BEGIN Input data

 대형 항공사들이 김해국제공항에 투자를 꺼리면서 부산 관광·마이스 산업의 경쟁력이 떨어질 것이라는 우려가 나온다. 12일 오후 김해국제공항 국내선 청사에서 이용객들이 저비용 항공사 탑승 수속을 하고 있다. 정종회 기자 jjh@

END Input data
BEGIN Input data

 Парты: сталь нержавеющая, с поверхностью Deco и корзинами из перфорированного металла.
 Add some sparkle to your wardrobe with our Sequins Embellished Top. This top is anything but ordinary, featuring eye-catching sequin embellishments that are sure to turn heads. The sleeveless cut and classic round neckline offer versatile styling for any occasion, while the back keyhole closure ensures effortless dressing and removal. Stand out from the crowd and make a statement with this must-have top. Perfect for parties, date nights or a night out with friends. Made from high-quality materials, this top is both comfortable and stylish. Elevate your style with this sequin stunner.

END Input data

-- The problem --
Using the entries above, give back exactly the line containing "Парты: сталь нержавеющая, с", the line containing "Add some sparkle", and every line between them, and nothing else.

-- Your solution --
 Парты: сталь нержавеющая, с поверхностью Deco и корзинами из перфорированного металла.
 Add some sparkle to your wardrobe with our Sequins Embellished Top. This top is anything but ordinary, featuring eye-catching sequin embellishments that are sure to turn heads. The sleeveless cut and classic round neckline offer versatile styling for any occasion, while the back keyhole closure ensures effortless dressing and removal. Stand out from the crowd and make a statement with this must-have top. Perfect for parties, date nights or a night out with friends. Made from high-quality materials, this top is both comfortable and stylish. Elevate your style with this sequin stunner.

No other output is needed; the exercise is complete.